Noob questions where is the gradient stored during backpropagation?

I know gradients are used to update weights during next fwd pass. But looking at two examples I have, I am confused at where the gradients are stored during backpropagation in typical training model in pytorch?
From example1 below which sort of simulates very simple backpropagation, this gives me an impression that that tensor a/b should have stored it. I can see after Q.backward is called (I guess that is possible when operands of Q function has gradient), the print(a.grad, g.brad) returns non-null number before that it returned null. So that gives me an impression it is stored in Q’s operands.

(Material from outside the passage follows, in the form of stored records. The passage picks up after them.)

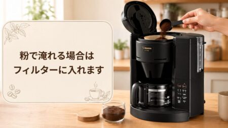 - 粉で淹れる:フィルターに粉を入れて「粉コース」
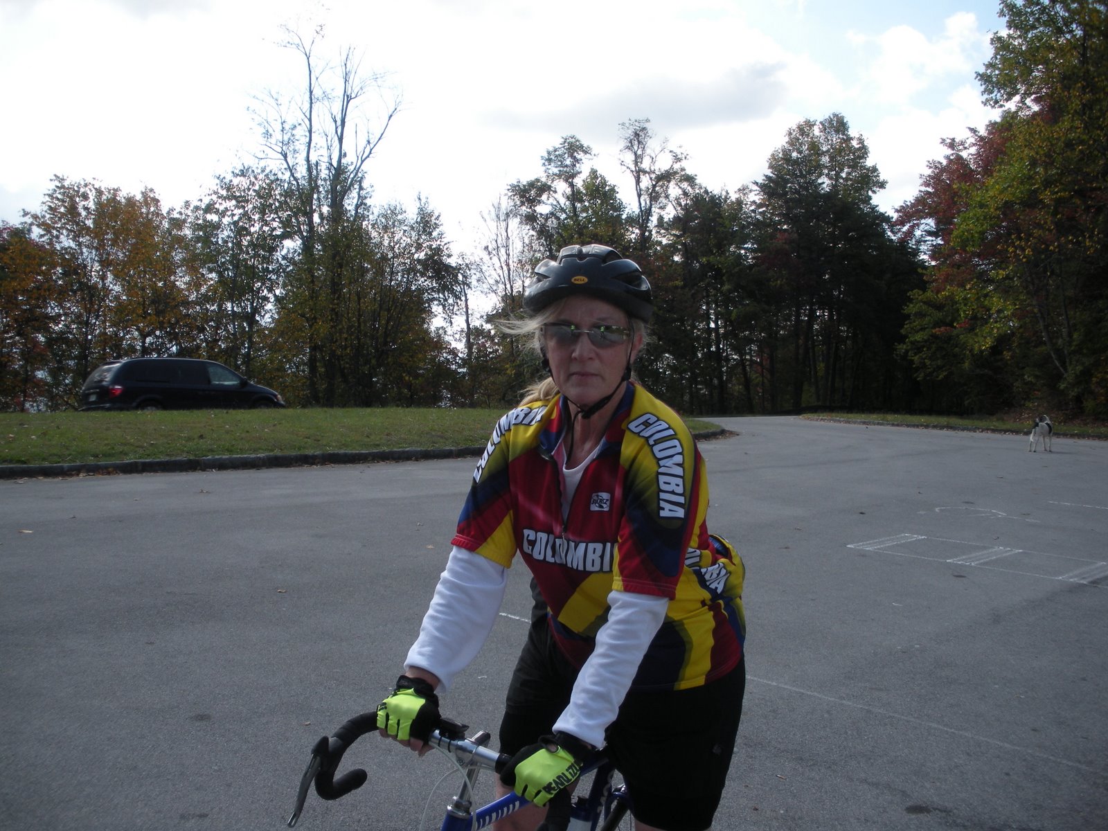 Me at the turn around in one of John’s cycling jerseys (with a wind jacket stuffed in the back pocket), my hiking shirt and my running shorts. It is a mixed look for sure. Eventually I will update.
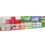 Fünf kompakte Becher in verschiedenen Farben fördern die Fantasie sowie die sensorische Wahrnehmung und die Feinmotorik von Kindern.
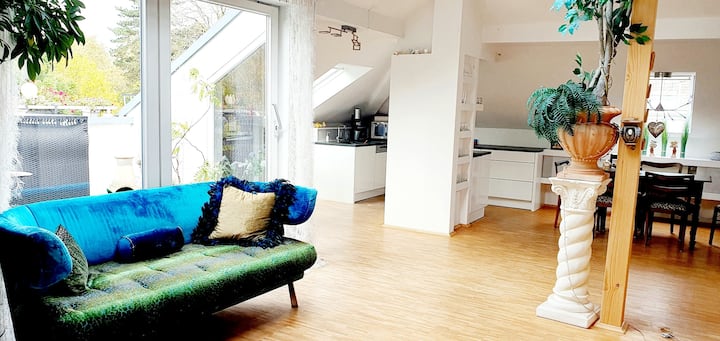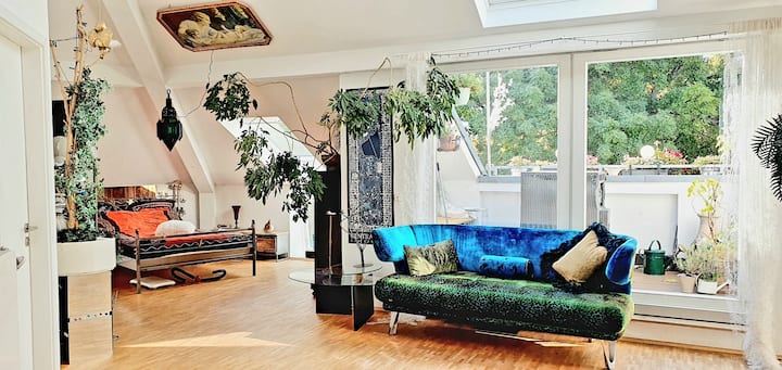 loftový podkrovný byt s výhľadom na park
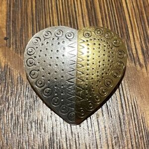 This is a lovely heart brooch that is half silver tone and half gold tone. Overall it is a silver tone brooch. The brooch is 1.5 inches by 1.5 inches.
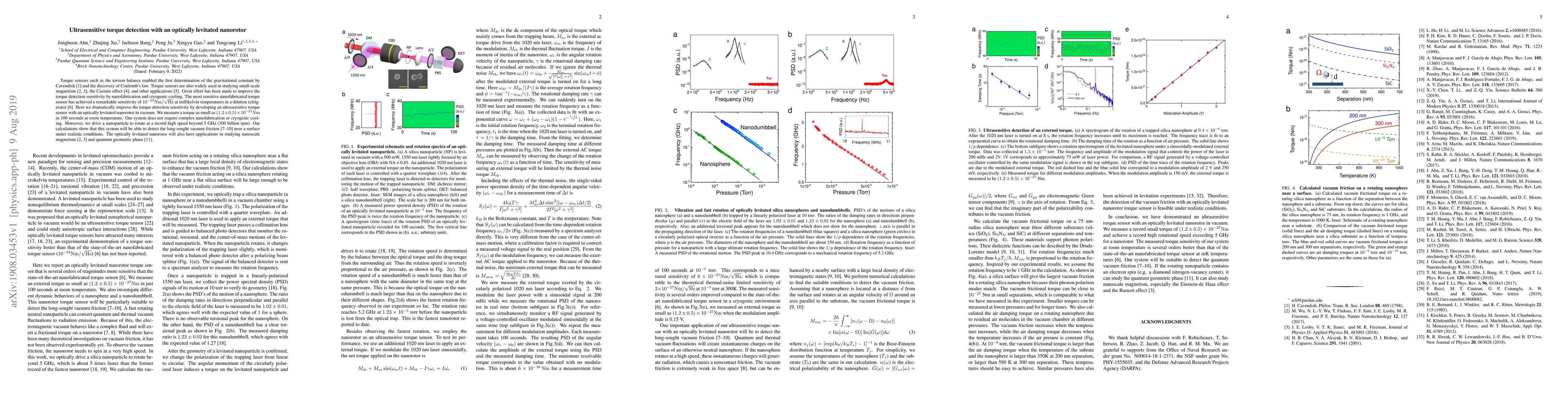 Torque sensors such as the torsion balance enabled the first determination of the gravitational constant by Cavendish and the discovery of Coulomb's law. Torque sensors are also widely used in studying small-scale magnetism, the Casimir effect, and other applications. Great effort has been made to improve the torque detection sensitivity by nanofabrication and cryogenic cooling. The most sensitive nanofabricated torque sensor has achieved a remarkable sensitivity of $10^{-24} \rm{Nm}/\sqrt{\rm{Hz}}$ at millikelvin temperatures in a dilution refrigerator. Here we dramatically improve the torque detection sensitivity by developing an ultrasensitive torque sensor with an optically levitated nanorotor in vacuum. We measure a torque as small as $(1.2 \pm 0.5) \times 10^{-27} \rm{Nm}$ in 100 seconds at room temperature. Our system does not require complex nanofabrication or cryogenic cooling. Moreover, we drive a nanoparticle to rotate at a record high speed beyond 5 GHz (300 billion rpm). Our calculations show that this system will be able to detect the long-sought vacuum friction near a surface under realistic conditions. The optically levitated nanorotor will also have applications in studying nanoscale magnetism and quantum geometric phase.
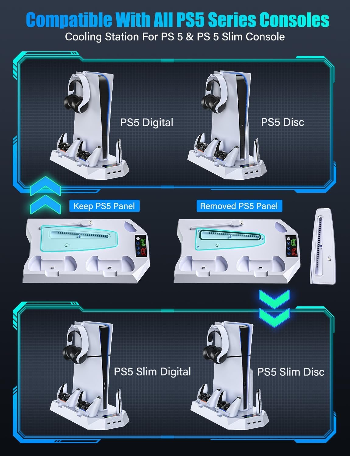 🌊Cooling Stand for PS5 & PS5 Slim Disc/Digital Version: The PS5 cooling stand is suitable for all the new PS5 Slim Disc/Digital Console and PS5 Disc/Digital Console. PS5 Console needs the panel (Factory Setting: PS 5 panel is fixed on the PS5 stand) PS5 Slim Console does not need the panel and should be removed during installation. The PS5 Slim stand is equipped with 1 safety screw to secure the PS 5 console to the PS cooling station, non-slip silicone feet on the bottom make the stand more stable on the desktop.
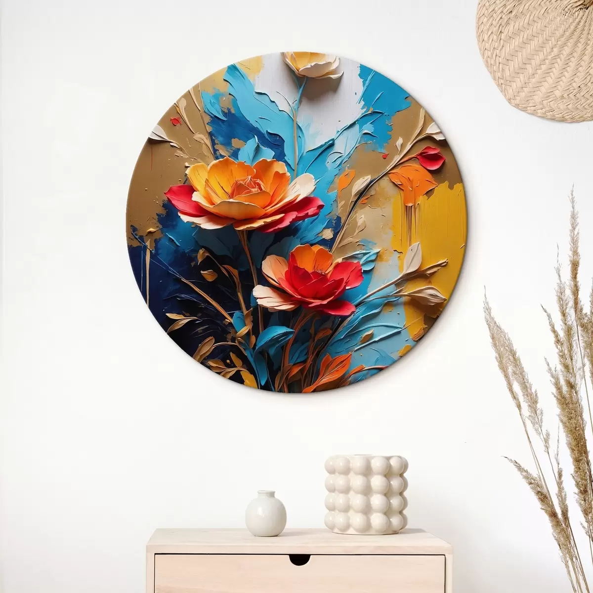 Ronde schilderijen Bloemen op abstracte veelkleurige achtergrond in olieverfstijl Nr r41769
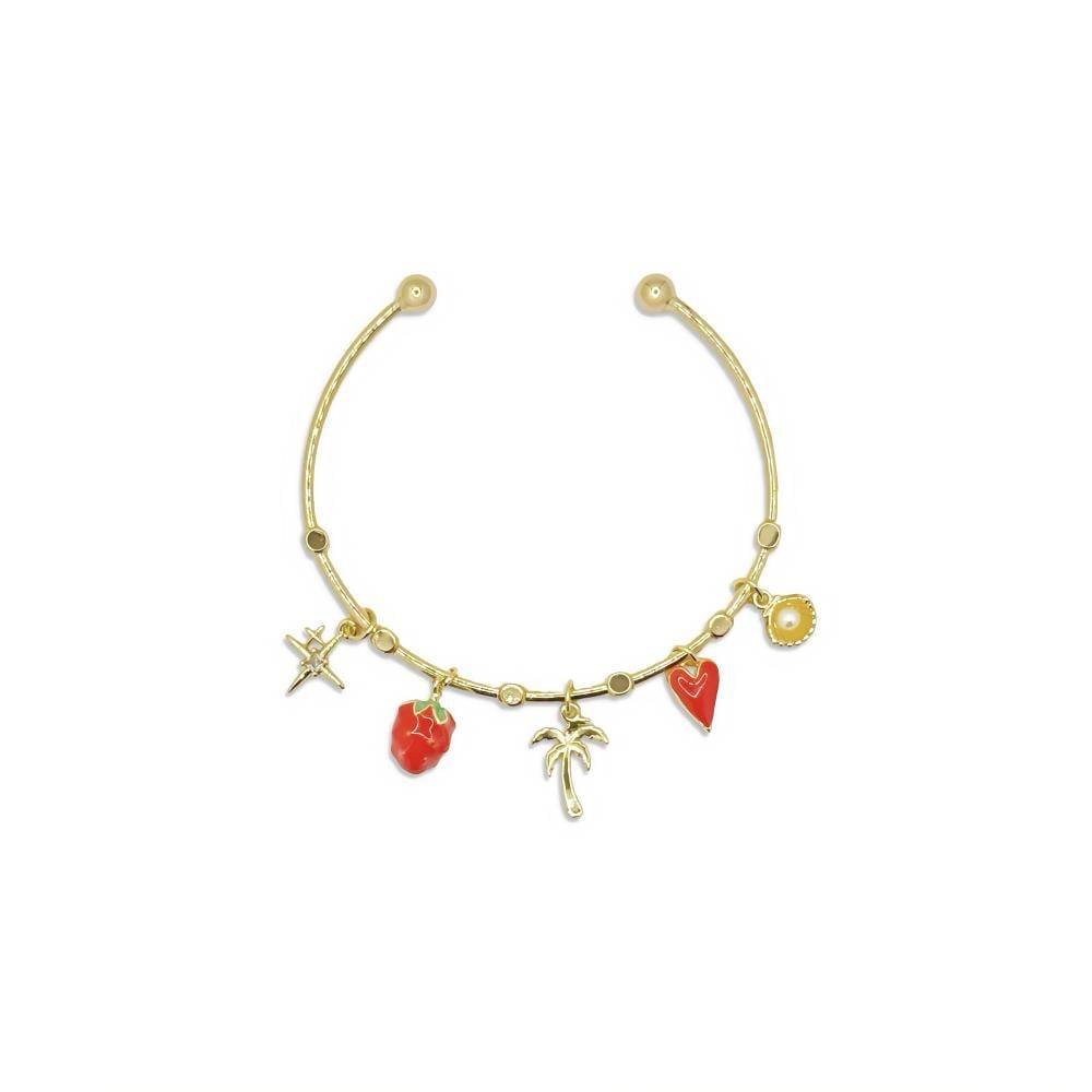 - سوار مطلي بالذهب بجودة عالية، تصميم أنيق يحمل لمسات عصرية بقطع باللون الأحمر نابضة بالحياة
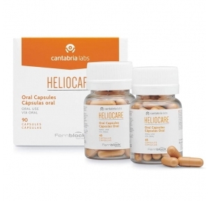 Heliocare Cápsulas Oral 90cáps es un complemento que ayuda a evitar la oxidación de la dermis, ejerciendo una fuerte prevención del envejecimiento cutáneo gracias a este práctico protector de vía oral. Al ingerir las cápsulas antes de la exposición solar, este complemento a base de Fernblock® potencia la protección de la piel de una manera uniforme. Además, posee propiedades antioxidantes y fotoprotectoras, que preservan las defensas cutáneas y la protegen frente a los riesgos de una exposición excesiva a los rayos UVA y UVB. También mantiene la hidratación de la piel, triplica la resistencia de la piel al sol y la fortalece frente a las rojeces y quemaduras. Indicadas en pieles con especial intolerancia al sol, fototipos muy claros, manchas cutáneas, fotoenvejecimiento, pieles sometidas a tratamientos fotosensibilizantes, pieles reactivas y pieles con daño actínico.
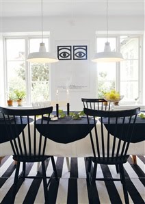 Klassiskt, grafiskt och tidlöst. Bilderna visar vita och svarta pinnstolar från Lilla Åland, Marimekko-tyg pryder bordet, Olle Eksells ögonkakao-tavla pryder väggen och svart/vita mattor pryder golven ….var vi sitter och var vi står!!!
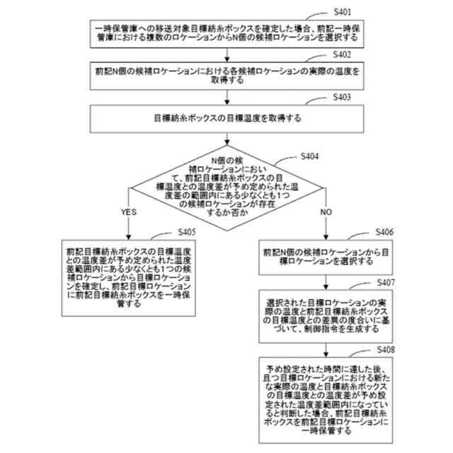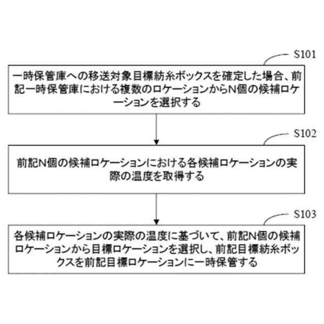 このように、本開示は、N個の候補ロケーションにおける各候補ロケーションの実際の温度に基づいて、N個の候補ロケーションから適切なロケーション(すなわち、目標ロケーション)を自動的且つインテリジェントに選択することができ、さらに前記目標紡糸ボックスを目標ロケーションに一時的に保存して冷却処理を行うことができる。これにより、前記目標紡糸ボックスを効果的に冷却することができ、しかも、従来技術における自然冷却に比べて、巻糸パッケージの品質に影響を与えないことを確保し、巻糸パッケージの冷却効率を向上させることができる。
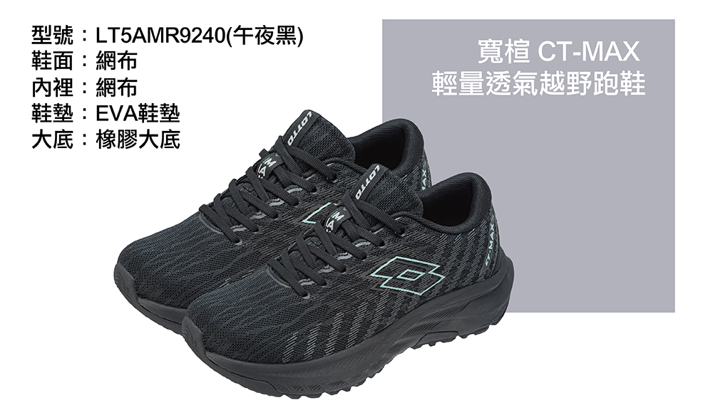 LOTTO男輕量透氣越野跑鞋-午夜黑27

A Gentle Introduction to torch.autograd — PyTorch Tutorials 2.3.0+cu121 documentation

import torch
a = torch.tensor([2, 3, 12], dtype=torch.float32, requires_grad=True)
b = torch.tensor([6, 4, 5], dtype=torch.float32, requires_grad=True)
Q = 3*a3 - b2
external_grad = torch.tensor([1, 1, 1], dtype=torch.float32)
Q.backward(gradient=external_grad)

But in example2 here with very simple resnet model with input data, it is less clear where the gradients are stored whereas in example1, I can know where it is stored and can see its value before and after backward() is called:

import torch, torchvision
model = torchvision.models.resnet18(pretrained=True)
data = torch.rand(1, 3, 64, 64)
labels = torch.rand(1, 1000)
prediction = model(data)
loss = (prediction - labels).sum()
loss.backward()

Are gradients stored somewhere in the model along with weights? If so, how to print out?

Hi @GGPYTORCH000,

The gradient values are stored within the .grad attribute of a Tensor, and are initialized as None when you create the a and b Tensors. When you call loss.backward() you populate the .grad attribute with the gradient of the loss with respect to the variable.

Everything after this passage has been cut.